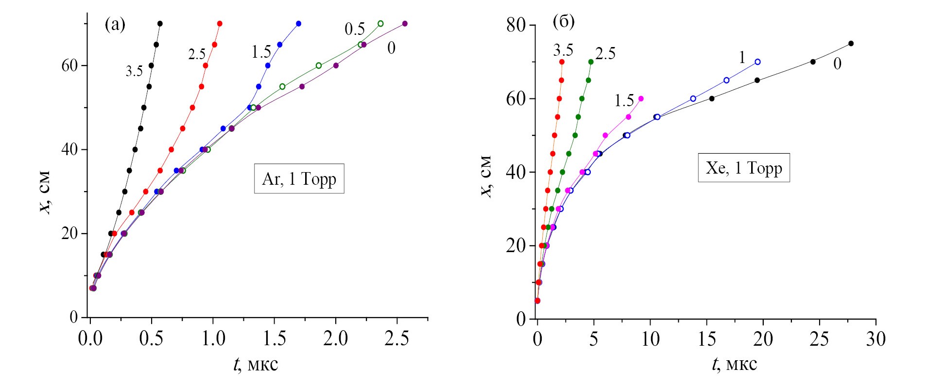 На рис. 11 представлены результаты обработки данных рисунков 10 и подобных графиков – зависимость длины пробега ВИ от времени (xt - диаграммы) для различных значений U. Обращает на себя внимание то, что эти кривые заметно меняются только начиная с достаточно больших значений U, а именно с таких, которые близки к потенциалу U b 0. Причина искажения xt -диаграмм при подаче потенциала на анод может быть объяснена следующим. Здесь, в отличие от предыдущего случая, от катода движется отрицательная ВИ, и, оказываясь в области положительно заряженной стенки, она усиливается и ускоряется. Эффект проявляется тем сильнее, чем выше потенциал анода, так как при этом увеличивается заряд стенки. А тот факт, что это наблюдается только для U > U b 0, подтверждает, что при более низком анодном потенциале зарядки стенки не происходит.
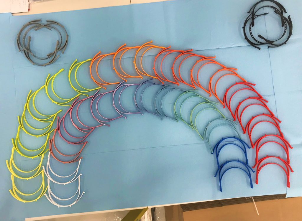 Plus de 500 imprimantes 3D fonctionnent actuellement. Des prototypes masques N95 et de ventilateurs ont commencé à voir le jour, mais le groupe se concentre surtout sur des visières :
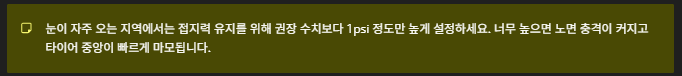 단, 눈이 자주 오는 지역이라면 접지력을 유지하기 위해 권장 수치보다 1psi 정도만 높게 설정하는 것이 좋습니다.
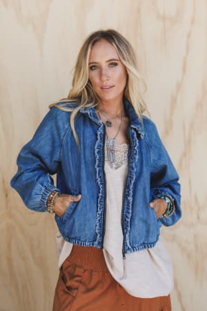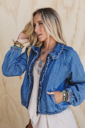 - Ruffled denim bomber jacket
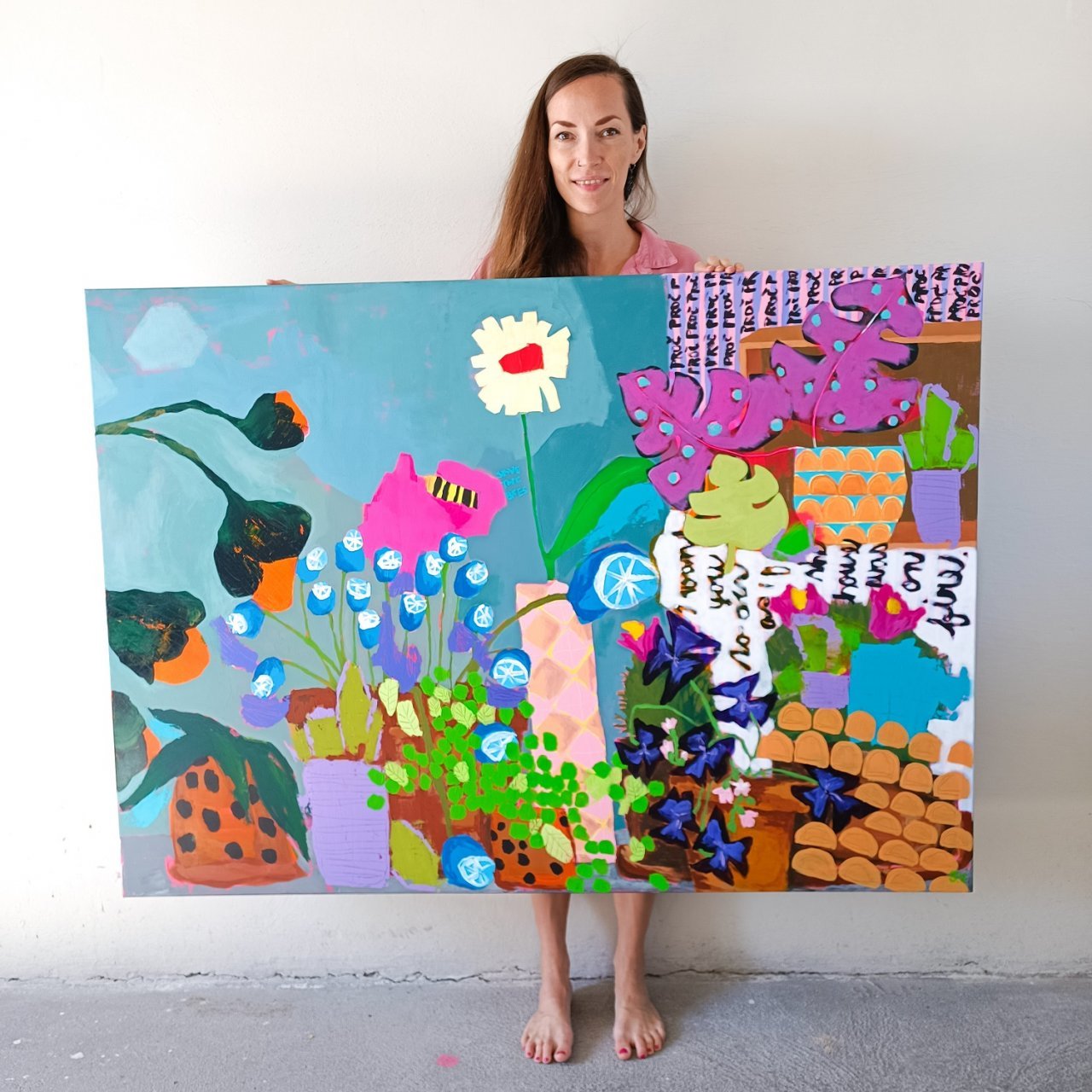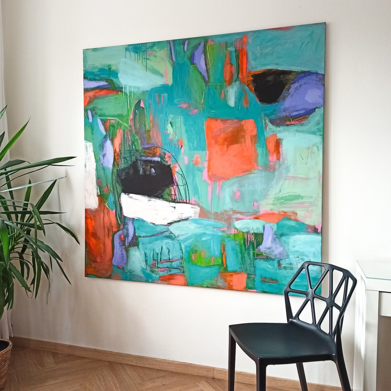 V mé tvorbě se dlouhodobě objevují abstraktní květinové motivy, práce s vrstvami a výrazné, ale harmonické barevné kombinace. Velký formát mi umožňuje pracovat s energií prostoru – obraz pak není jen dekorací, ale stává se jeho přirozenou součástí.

☆ ☆ ☆ ☆ ☆ ☆ ☆

» **Requirement**:
The data above is to be printed exactly, all of it, except for the pictures.

» **Response**:
 На рис. 11 представлены результаты обработки данных рисунков 10 и подобных графиков – зависимость длины пробега ВИ от времени (xt - диаграммы) для различных значений U. Обращает на себя внимание то, что эти кривые заметно меняются только начиная с достаточно больших значений U, а именно с таких, которые близки к потенциалу U b 0. Причина искажения xt -диаграмм при подаче потенциала на анод может быть объяснена следующим. Здесь, в отличие от предыдущего случая, от катода движется отрицательная ВИ, и, оказываясь в области положительно заряженной стенки, она усиливается и ускоряется. Эффект проявляется тем сильнее, чем выше потенциал анода, так как при этом увеличивается заряд стенки. А тот факт, что это наблюдается только для U > U b 0, подтверждает, что при более низком анодном потенциале зарядки стенки не происходит.
 Plus de 500 imprimantes 3D fonctionnent actuellement. Des prototypes masques N95 et de ventilateurs ont commencé à voir le jour, mais le groupe se concentre surtout sur des visières :
 단, 눈이 자주 오는 지역이라면 접지력을 유지하기 위해 권장 수치보다 1psi 정도만 높게 설정하는 것이 좋습니다.
 - Ruffled denim bomber jacket
 V mé tvorbě se dlouhodobě objevují abstraktní květinové motivy, práce s vrstvami a výrazné, ale harmonické barevné kombinace. Velký formát mi umožňuje pracovat s energií prostoru – obraz pak není jen dekorací, ale stává se jeho přirozenou součástí.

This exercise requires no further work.